As I listened, I realized that Tess’s eyes were the exact same color as mine. Of course they were. And her right ear was triple-pierced; I could remember getting that done last summer at the mall. For the first time, I considered that this was actually happening. This was real. I was having a conversation with my future self and I was murdering people… or maybe I was being fucked with on a grand scale. If this woman was not a hallucination, maybe she was some kind of con artist.
“How do I know you’re really me and not a scammer?”

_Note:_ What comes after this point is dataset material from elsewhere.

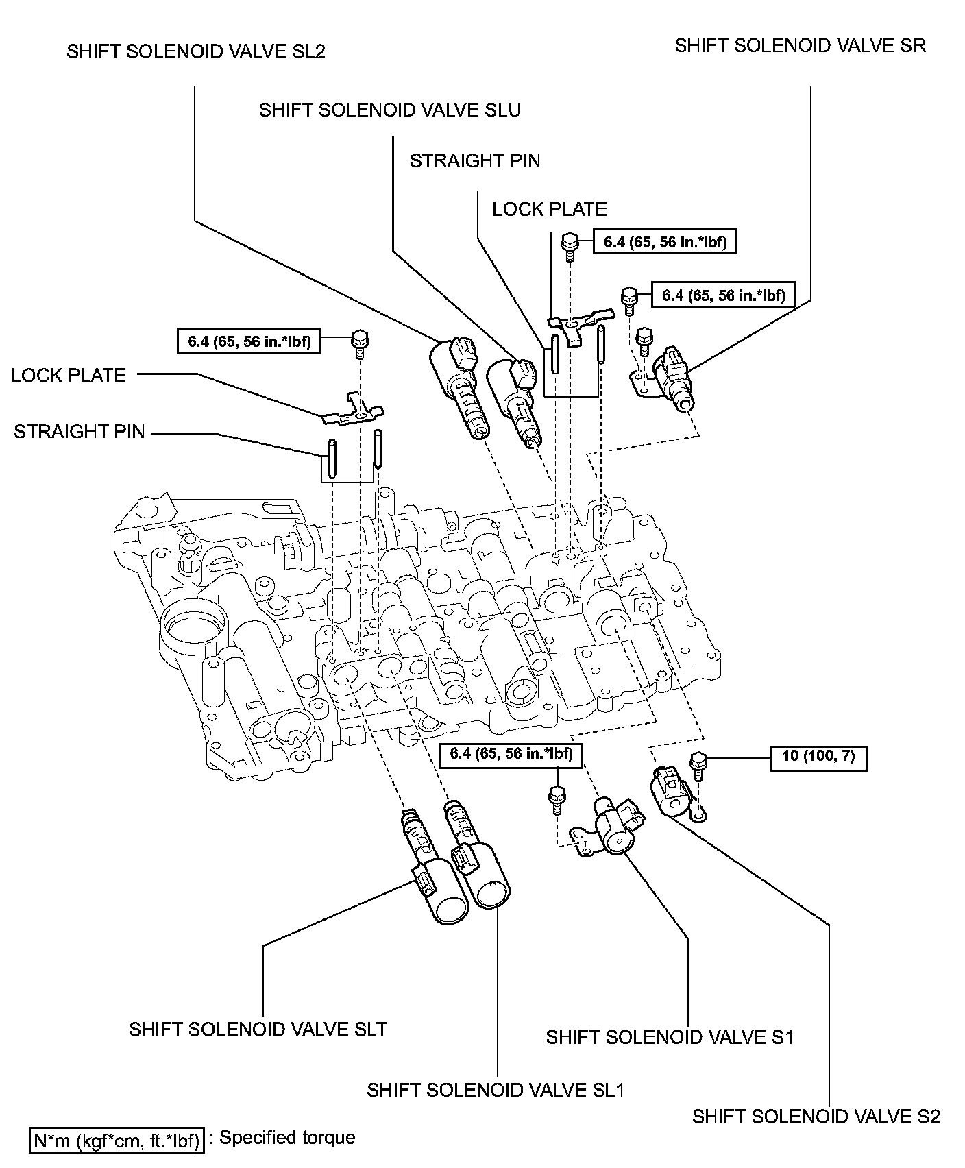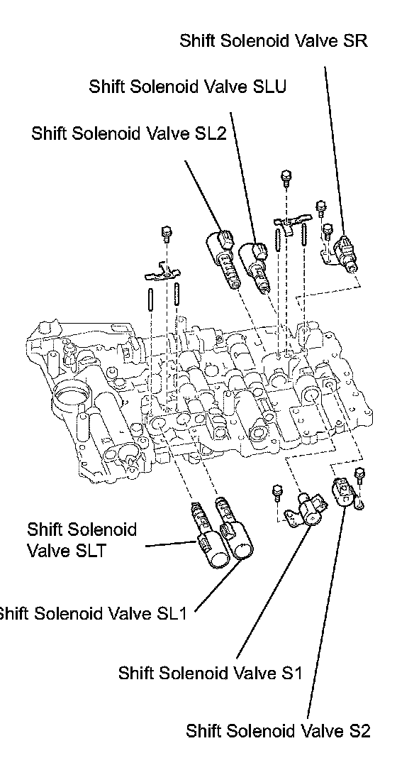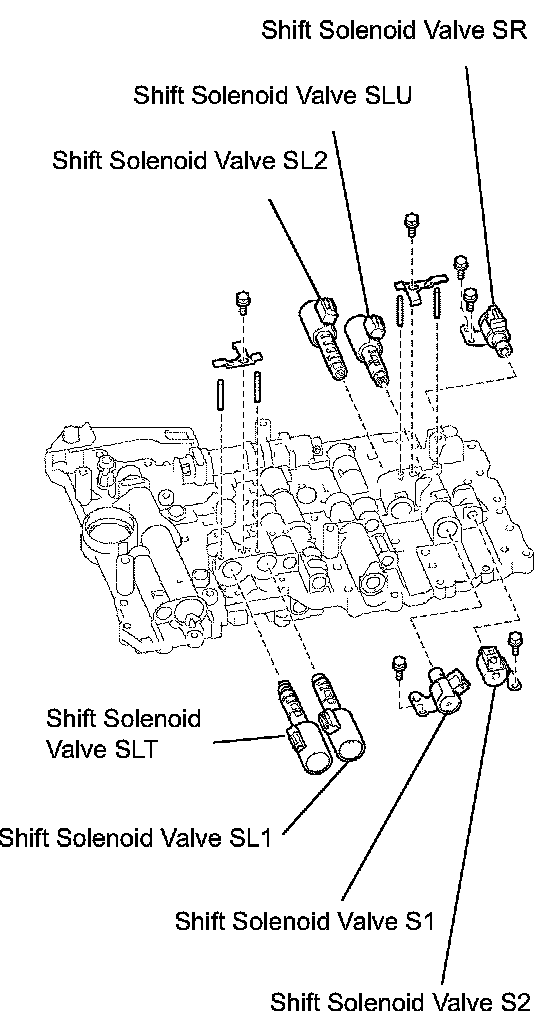 d. Install the shift solenoid valve SLU and SL2 with the 2 pins, lock plate and bolt.

“I know you had an abortion. Because of what happened with Hamid. I also know you only told Lizzy, Soojin, and Heather. And Lizzy’s mom.”
“You could have found that out from the doctor, or from any of my friends, or who knows what.”
“Your… our father. We never told anyone what happened that one night.”
I dug my fingers into the park bench so I could feel the splinters go in. Tess was right. I had never told anyone. Hearing someone talk about my secret—even if she was technically me—had an almost physical effect. A stagnant pool of feeling was evaporating out of my chest. Tess had confirmed that my memories of that night were real.
“Now do you believe me? Can we talk about Lizzy?”
“Is something bad going to happen to us? Are we going to get caught?”
Tess shook her head. “I’ve already said enough. I’m not going to tell you anything else about the future. Let’s focus on the present.”
I couldn’t reply. There was too much happening. I kept grinding my hands harder into the bench and thinking about how every time my father touched me it felt like drowning. I stared at Tess—at myself—and wondered what pronouns to use for her. It sounded weird to call her “me,” but scientifically inaccurate to say “her” or “you.” Still, if I really was me, I was an unknown me, or possibly a potential me. We were altering the timeline right now. I decided to go with “she” and “her” as pronouns, at least for the moment.